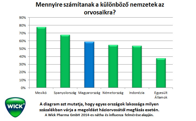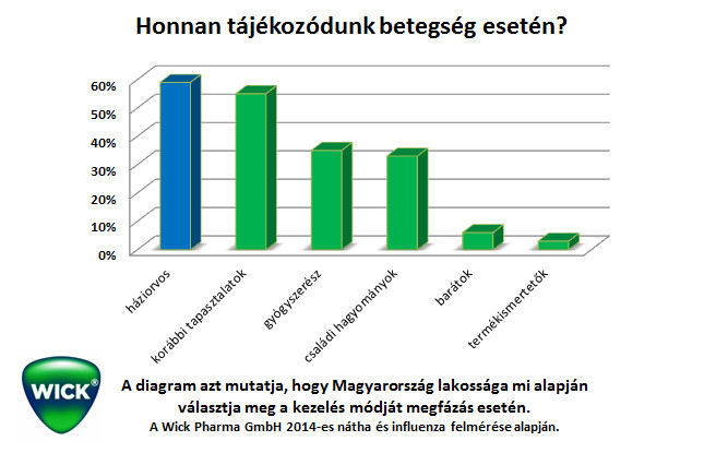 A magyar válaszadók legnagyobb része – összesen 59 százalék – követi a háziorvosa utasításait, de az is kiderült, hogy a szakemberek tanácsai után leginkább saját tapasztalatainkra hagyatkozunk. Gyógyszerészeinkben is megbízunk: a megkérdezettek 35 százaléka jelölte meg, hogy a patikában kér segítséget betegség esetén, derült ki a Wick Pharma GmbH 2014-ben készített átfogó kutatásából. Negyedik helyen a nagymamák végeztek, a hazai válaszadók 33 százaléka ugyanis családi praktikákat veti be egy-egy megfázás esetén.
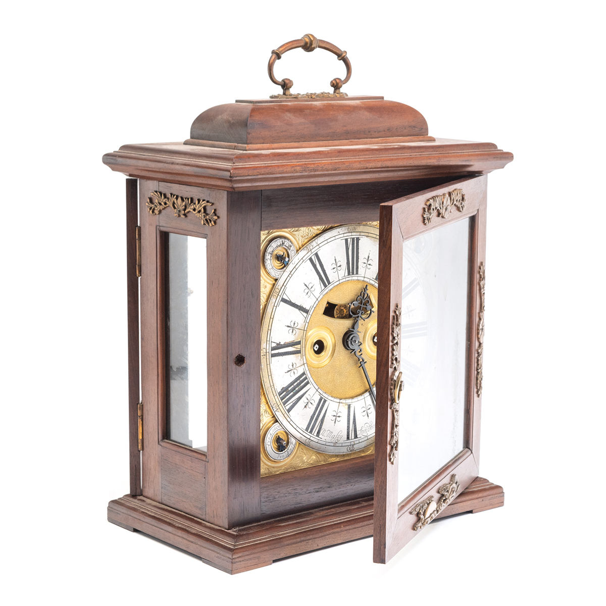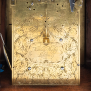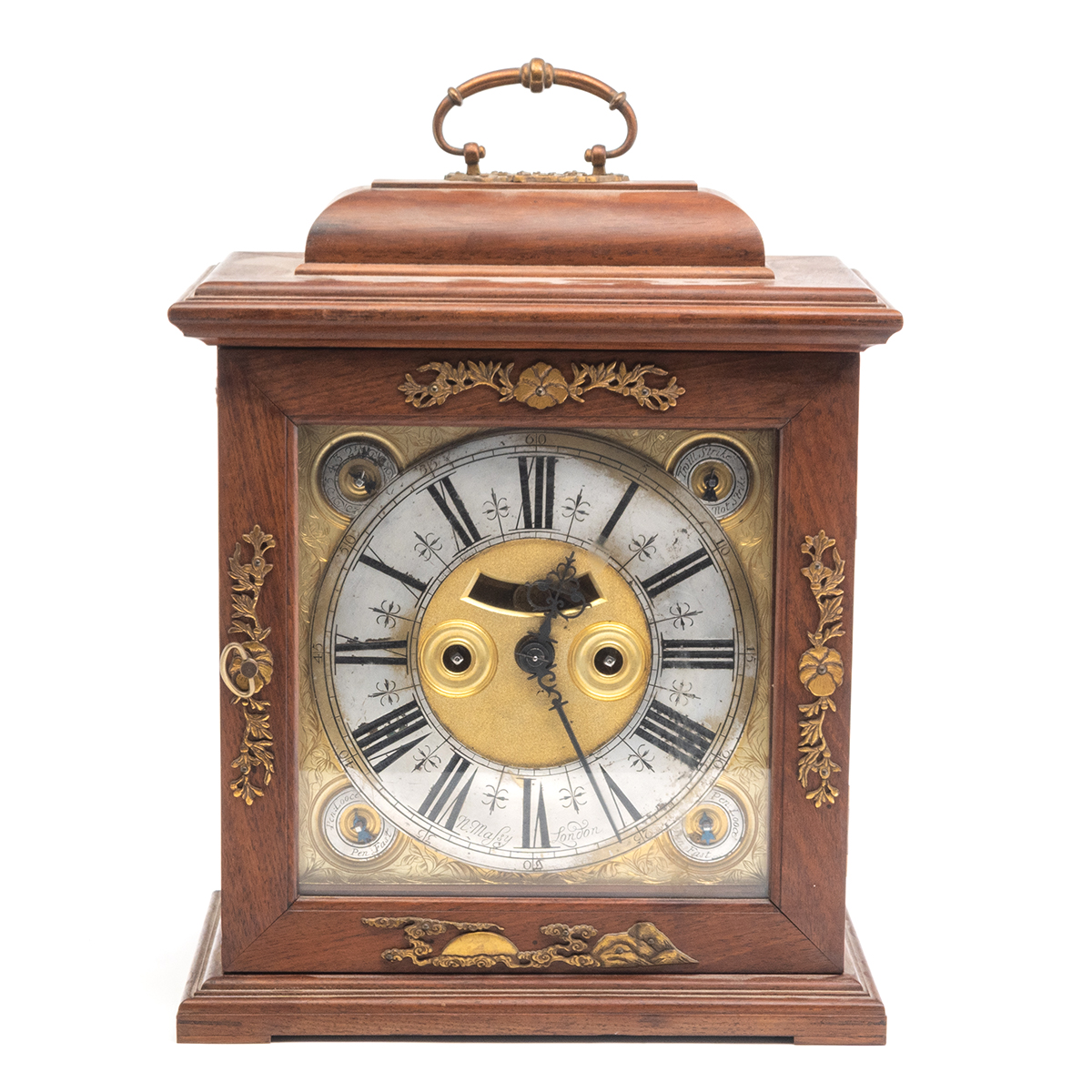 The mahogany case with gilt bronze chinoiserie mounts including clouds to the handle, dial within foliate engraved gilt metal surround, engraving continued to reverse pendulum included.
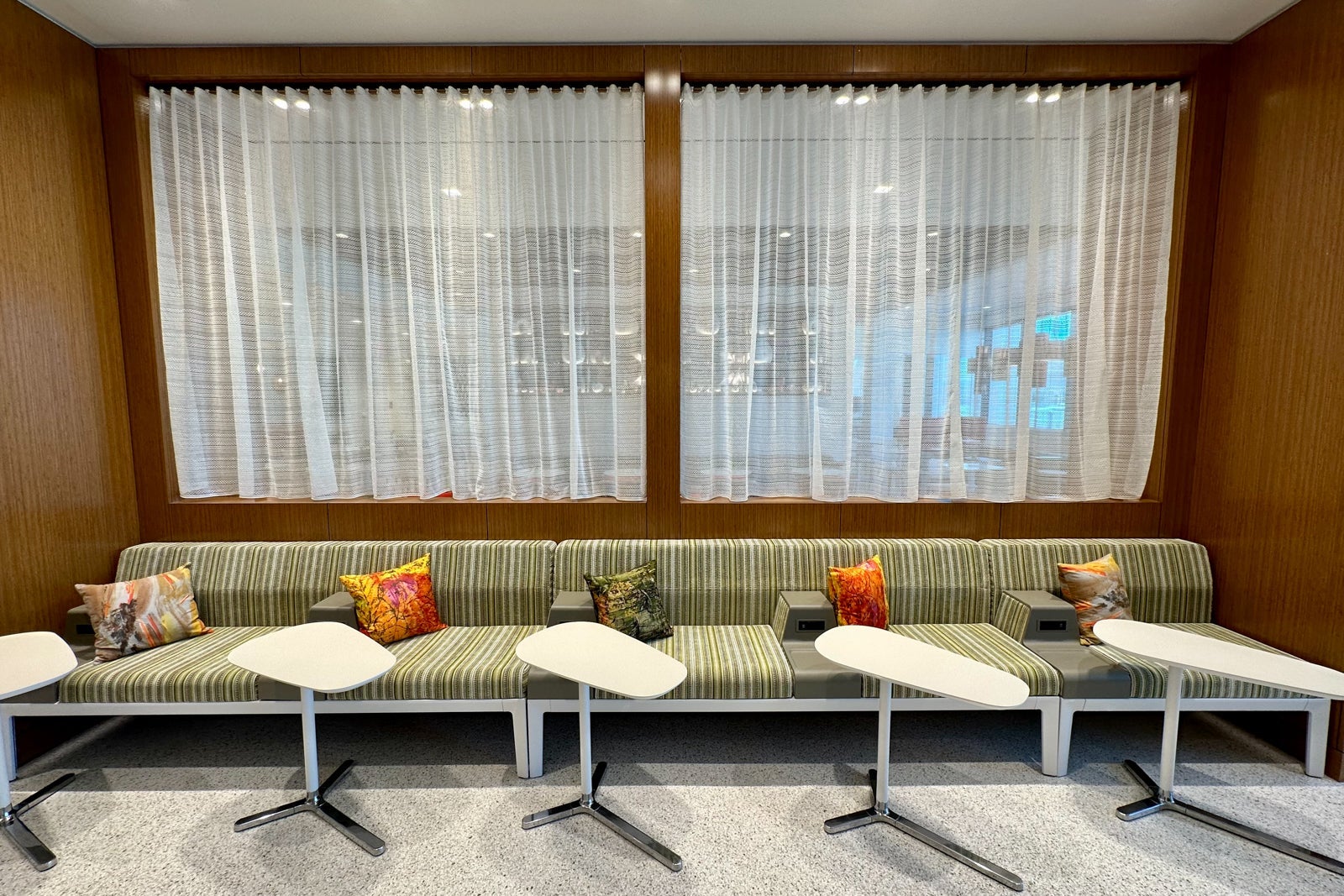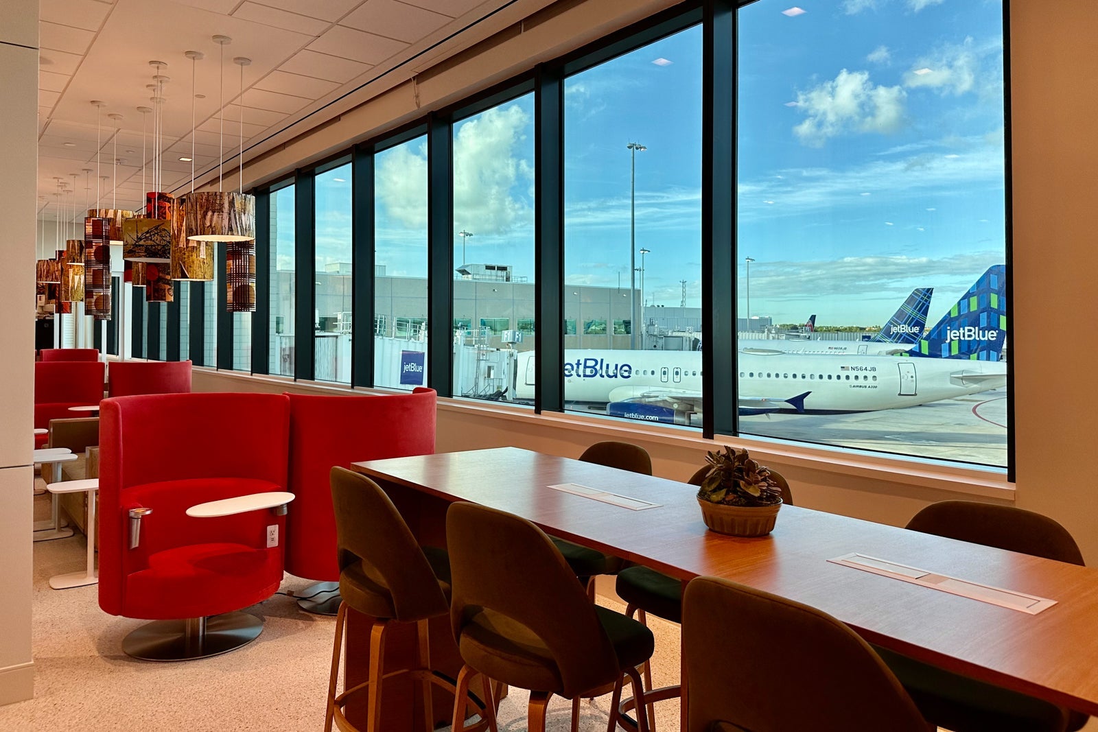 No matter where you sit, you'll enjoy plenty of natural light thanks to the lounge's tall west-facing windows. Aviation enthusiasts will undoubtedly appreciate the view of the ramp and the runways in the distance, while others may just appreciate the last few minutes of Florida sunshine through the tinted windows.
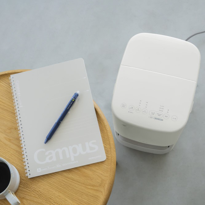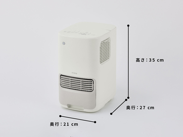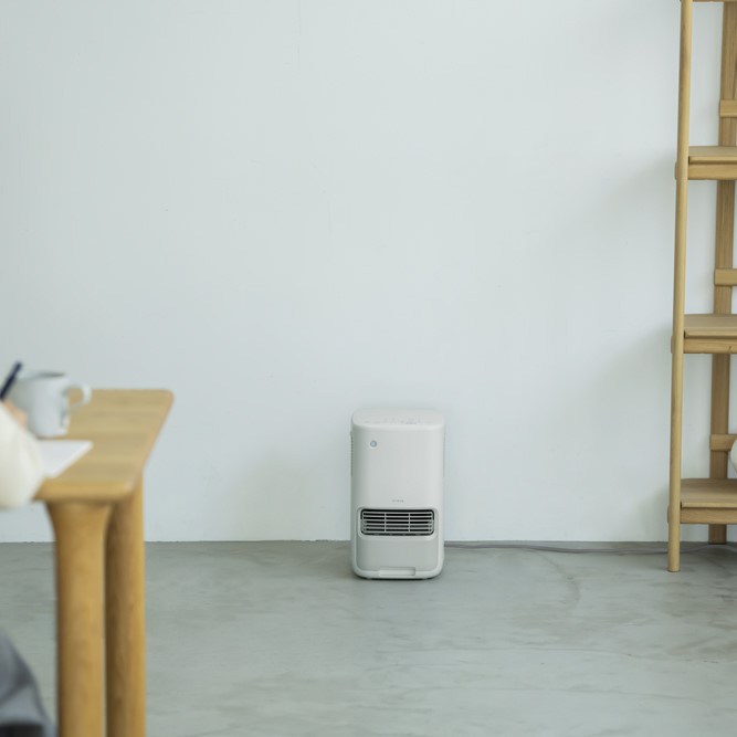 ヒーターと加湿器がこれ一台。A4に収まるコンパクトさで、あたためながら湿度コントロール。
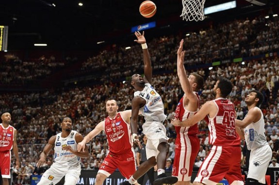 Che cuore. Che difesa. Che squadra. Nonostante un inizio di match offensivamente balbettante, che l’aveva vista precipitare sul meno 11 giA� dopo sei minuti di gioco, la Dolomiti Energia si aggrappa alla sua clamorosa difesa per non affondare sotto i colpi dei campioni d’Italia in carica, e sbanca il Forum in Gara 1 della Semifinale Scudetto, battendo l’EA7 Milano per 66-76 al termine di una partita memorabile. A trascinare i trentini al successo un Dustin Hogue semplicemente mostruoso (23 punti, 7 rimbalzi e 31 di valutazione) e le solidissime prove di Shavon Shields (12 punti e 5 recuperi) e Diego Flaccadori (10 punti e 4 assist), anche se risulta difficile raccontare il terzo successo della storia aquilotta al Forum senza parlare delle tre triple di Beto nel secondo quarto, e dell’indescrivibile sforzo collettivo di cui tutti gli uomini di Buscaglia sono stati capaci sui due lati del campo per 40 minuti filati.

EXERCISE OBJECTIVE =>
The expected result is the material restated word for word, minus any picture.

WRITTEN ANSWER =>
 A magyar válaszadók legnagyobb része – összesen 59 százalék – követi a háziorvosa utasításait, de az is kiderült, hogy a szakemberek tanácsai után leginkább saját tapasztalatainkra hagyatkozunk. Gyógyszerészeinkben is megbízunk: a megkérdezettek 35 százaléka jelölte meg, hogy a patikában kér segítséget betegség esetén, derült ki a Wick Pharma GmbH 2014-ben készített átfogó kutatásából. Negyedik helyen a nagymamák végeztek, a hazai válaszadók 33 százaléka ugyanis családi praktikákat veti be egy-egy megfázás esetén.
 The mahogany case with gilt bronze chinoiserie mounts including clouds to the handle, dial within foliate engraved gilt metal surround, engraving continued to reverse pendulum included.
 No matter where you sit, you'll enjoy plenty of natural light thanks to the lounge's tall west-facing windows. Aviation enthusiasts will undoubtedly appreciate the view of the ramp and the runways in the distance, while others may just appreciate the last few minutes of Florida sunshine through the tinted windows.
 ヒーターと加湿器がこれ一台。A4に収まるコンパクトさで、あたためながら湿度コントロール。
 Che cuore. Che difesa. Che squadra. Nonostante un inizio di match offensivamente balbettante, che l’aveva vista precipitare sul meno 11 giA� dopo sei minuti di gioco, la Dolomiti Energia si aggrappa alla sua clamorosa difesa per non affondare sotto i colpi dei campioni d’Italia in carica, e sbanca il Forum in Gara 1 della Semifinale Scudetto, battendo l’EA7 Milano per 66-76 al termine di una partita memorabile. A trascinare i trentini al successo un Dustin Hogue semplicemente mostruoso (23 punti, 7 rimbalzi e 31 di valutazione) e le solidissime prove di Shavon Shields (12 punti e 5 recuperi) e Diego Flaccadori (10 punti e 4 assist), anche se risulta difficile raccontare il terzo successo della storia aquilotta al Forum senza parlare delle tre triple di Beto nel secondo quarto, e dell’indescrivibile sforzo collettivo di cui tutti gli uomini di Buscaglia sono stati capaci sui due lati del campo per 40 minuti filati.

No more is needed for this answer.